Where this is important for Distilled is all that math I would like to be able to do for the player. Berserk did allow an object to have a ‘value’ which can be used for some math, but in our scenario (which is not at all unusual) every card has a BUNCH of different ‘values’ that all serve different purposes in the strategy of the game. Your rubber tire moonshine might not win any awards, and therefore not yield many VPs, but if you put in a lot of valuable ingredients, it can still be a really great payoff for a trip to the market! Your apple whiskey, on the other hand, might receive the “ion award” (😉) for best flavored whiskey and be worth a whole slew of VPs but only have one key ingredient leading to less value in the market (this is what goes through Seth’s head when he bottles a spirit).

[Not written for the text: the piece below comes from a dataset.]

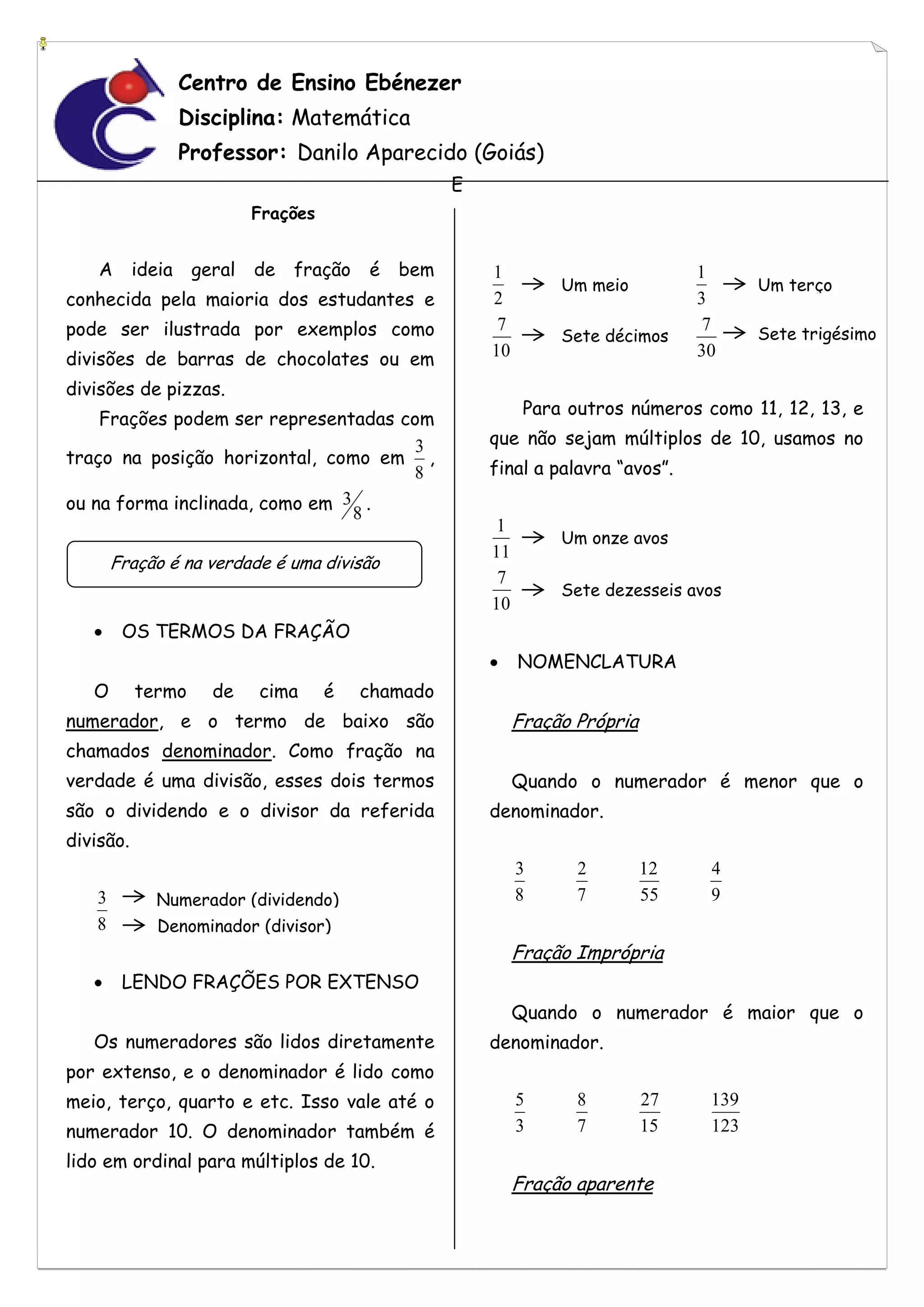 O documento fornece uma introdução sobre frações, definindo seus termos principais como numerador e denominador. Explica como ler frações por extenso para números até 10 e como ler os múltiplos de 10. Também define os tipos de frações como própria, imprópria e aparente. Por fim, diferencia frações decimais e ordinárias.
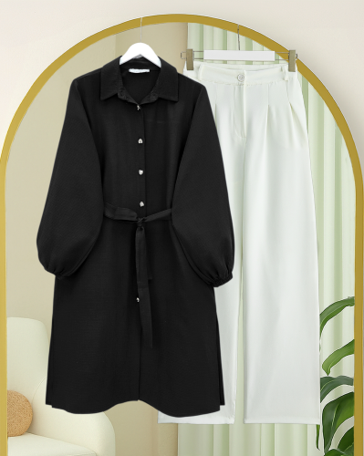 Long Muslin Tunic with Elasticated Cuffs and Drawstring Waist - Black

This generic metadata is where I’ve really struggled to do what I want with our cards in TTS. There really is no good mechanism for this in the API. I’ve read tales of other scripters embedding this information in other properties like the GM notes or the description, and I did flirt with those tricks a bit, but they always felt very hackish and delicate. Every time Dave and his team would change values on a card or update the mechanics, all of this info would need to update too and any approach I could find was going to involve a lot of manual data entry. Not a reasonable tradeoff for a fairly small feature in the overall scheme of things.
So, that is my big wish for TTS! Allow every object (even the ones in bags and decks … and decks inside of bags) to have persistent metadata that is serialized along with the object to the json save file and can be restored easily on load. It should be something you can associate with an individual object WITHOUT having to give it a script, because giving every individual card a script is, well, crazy! And it should be flexible enough that data of any type or structure could be stored (JSON comes to mind).
The last Missing Piece
With the WebRequest Lua API sitting out there, calling to me, I envision an almost perfect world where Dave and the rest of the design team could be updating all this metadata whenever they like and the TTS workshop mod would send off a request into the cloud, second star to the right and straight on till morning, to a fantasy spreadsheet, filled with glorious metadata that never grows old! And my scripts could fly there as soon as the game is loaded, and dash through every card in every deck sprinkling them with magical dust that fills in all those VPs and costs and enables us to do the math and bring back that big reveal moment in all its glory. All that is missing is the metadata fairy-dust! I suppose a boy can dream.